上手く言えないけどいつも俯瞰すぎていた。

そんな時、君が突然現れたんだ。

君が飲む紅茶のペットボトル越しに目が合ったとき、心が跳ねたんだよ。
いつものあの笑顔としぐさで見つめ返すから、
急に焦りが出て思わず目を逸らしてしまった。

君は無邪気で一生懸命で、理不尽にも耐えて、
すごく優秀なのにどこか発言が抜けていて、
自分の意思がある君に、すごく癒されたんだよ。

でも同時に僕の心は乱れて、
あんなに得意だった態度の調整が出来なくなった。

それでも、ありのままの僕を見せてもいいんじゃないかなと惑うほどに、君は僕の光だった。

君も僕に好意を持ってくれているとわかっていた。
なんとなくだけど、経験からわかったんだ。

だから
まさか、君がいなくなるなんて思わなかった。
どこかで君は僕の側からは離れないだろうという
謎の自信があったんだ。
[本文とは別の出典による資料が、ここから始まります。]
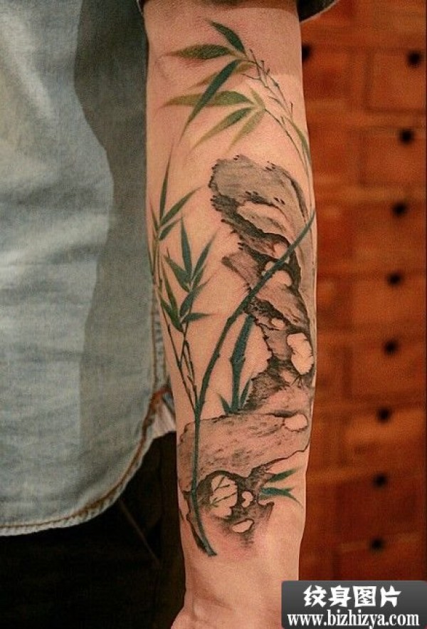 手臂艺术水墨竹子图案图片_臂部纹身图案大全_纹身图吧
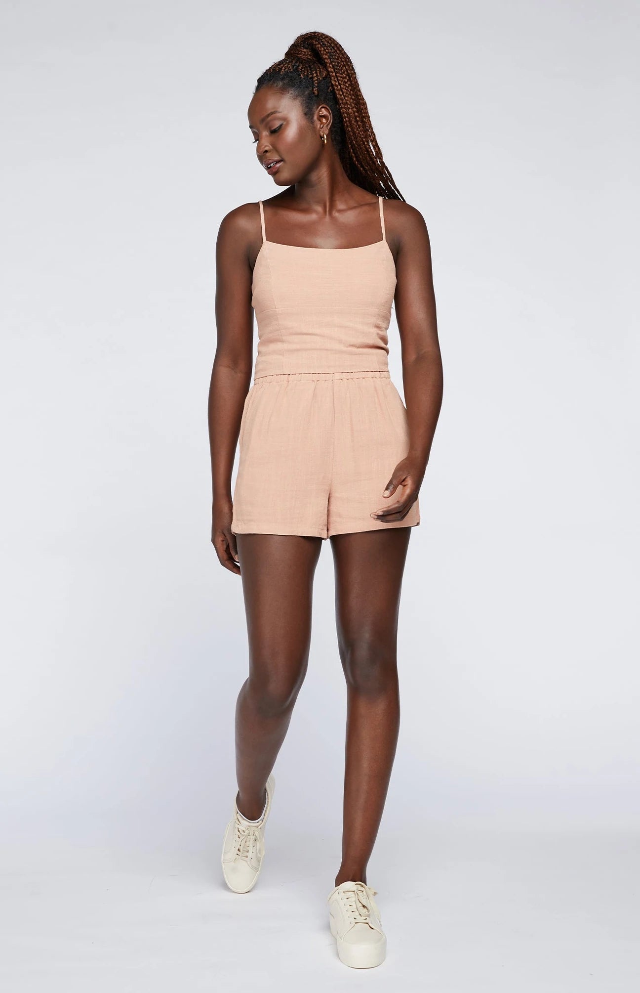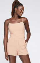 The Roxanne tank is made of a linen blend and is fully lined for ease of wear. Features include adjustable straps and smocking at the back body. Pair with the Shore short for a coordinated look.
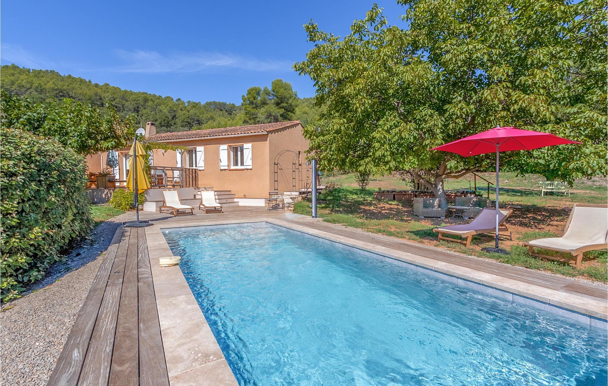 Friedlich, idyllisch, komfortabel - Diesen Eindruck bekommen Sie, wenn Sie zum ersten Mal über Ihr Grundstück und durch das herrliches Ferienhaus schreiten. Sie haben das Privileg, in einem wunderschönen, vollklimatisierten Anwesen zu wohnen, das inmitten der Natur in einer Oase der Ruhe liegt. Knapp 2 km liegen Sie von den nächsten Geschäften und dem Stadtzentrum von Salernes entfernt, in Ihrem Haus genießen Sie die ideale Lage für Naturliebhaber, mit Blick auf ein hübsches Tal und einen großen Hain mit Olivenbäumen.
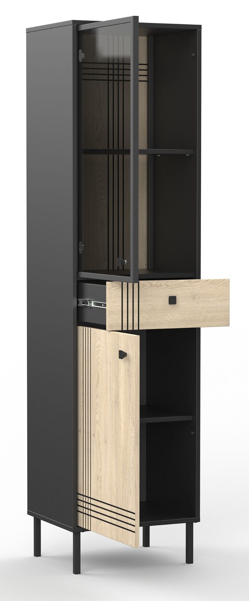 Korpus w głębokiej czerni doskonale komponuje się z dekorem cremona, który swoim ciepłym, drewnianym odcieniem nadaje wnętrzu przytulności. Subtelne frezy dodają finezji i podkreślają wyjątkowy design witryny. Całość osadzona jest na czarnych stalowych nóżkach, które nie tylko nadają lekkości, ale również ułatwiają utrzymanie czystości pod meblem.
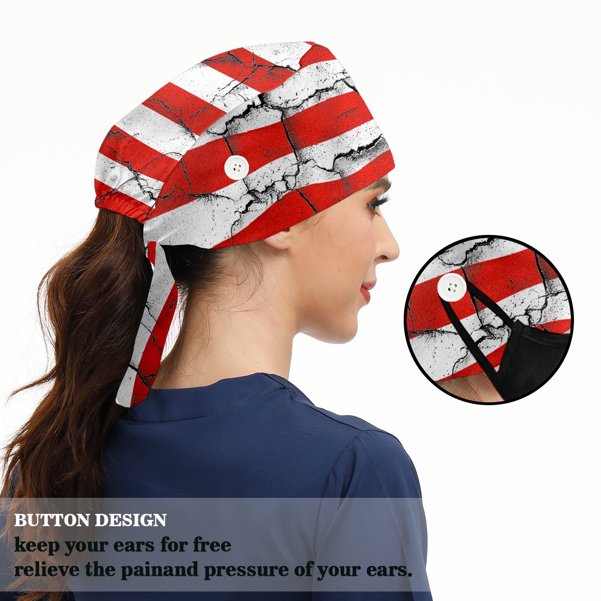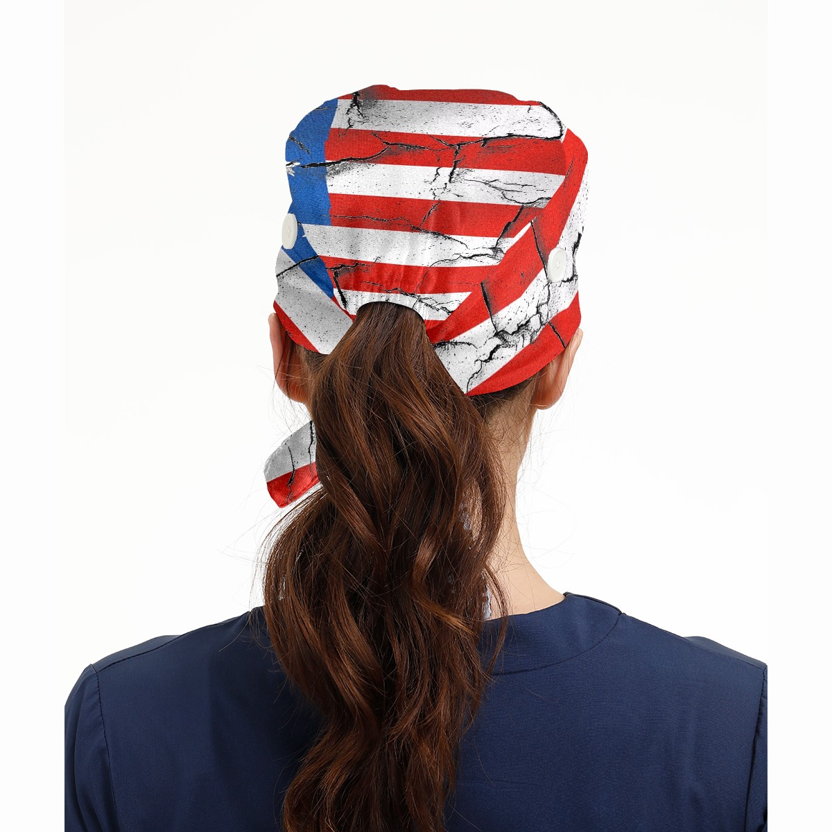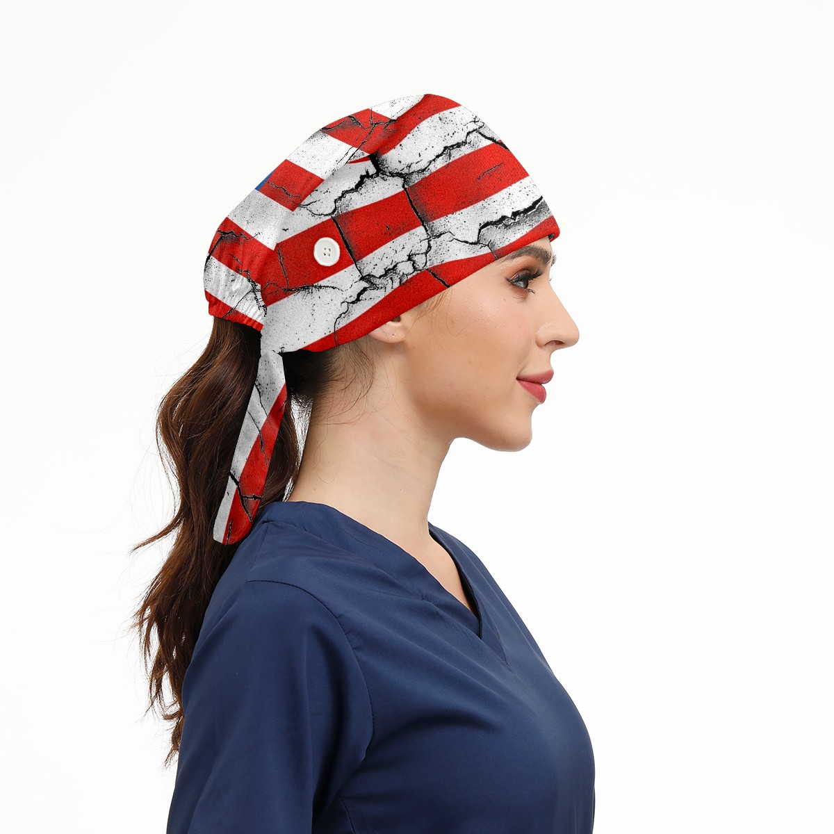 Working Caps with Button & Sweatband Satin Lined Cotton Adjustable Nurse Hats Elastic Band Scrub Cap Surgeon Hat 美国国旗2
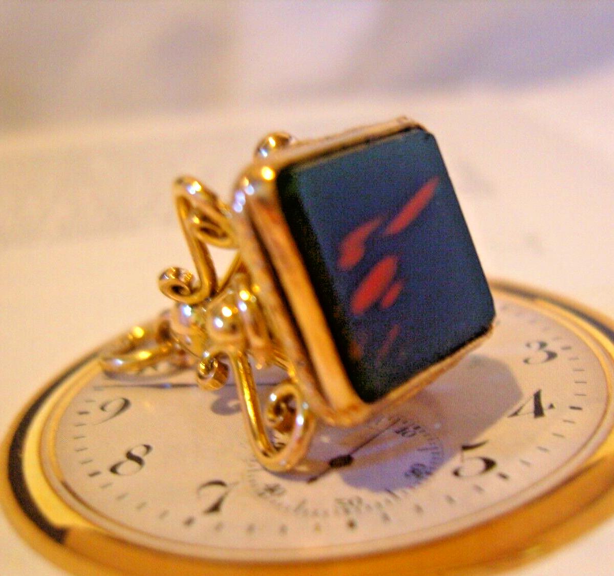 Fob 1970s 10 Gold Plated & Bloodstone Pocket Watch Chain Large Ornate Fob
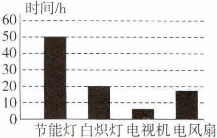 11. 数据模型分析 如图所示,这是四种家用电器各自消耗 1 度电可持续正常工作的时间柱状图,其中功率最大的电器是(
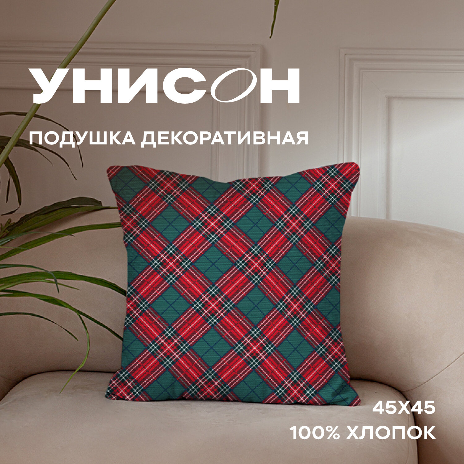 Подушка декоративная рогожка "Унисон" 45х45 рис 33159-4 Fern

自惚れていたんだ。

君は今なにを見ているのだろうか。
誰とどんな世界のなかで生きているのか。

僕はやり残したままで達成感が得られないから、
こんなにも君を考えてしまうのかな。
もっと出し惜しみをせずに勇気を出せばよかった。

このむしゃくしゃした気持ちを、
どう分類すればいいのかわからずに持て余してる。

会いたい。
そしたらきっとわかるはず。
君を好きなのか、達成感を得たかっただけなのか、恋愛ゲームをしたかったのか。
今思えばあの時にきちんと勇気を出すべきだった。
未だに後悔だけがずっと残って苦しくて仕方ない。

僕からは行きたくはないから、
君からきてほしいと思いながら、電気を消した。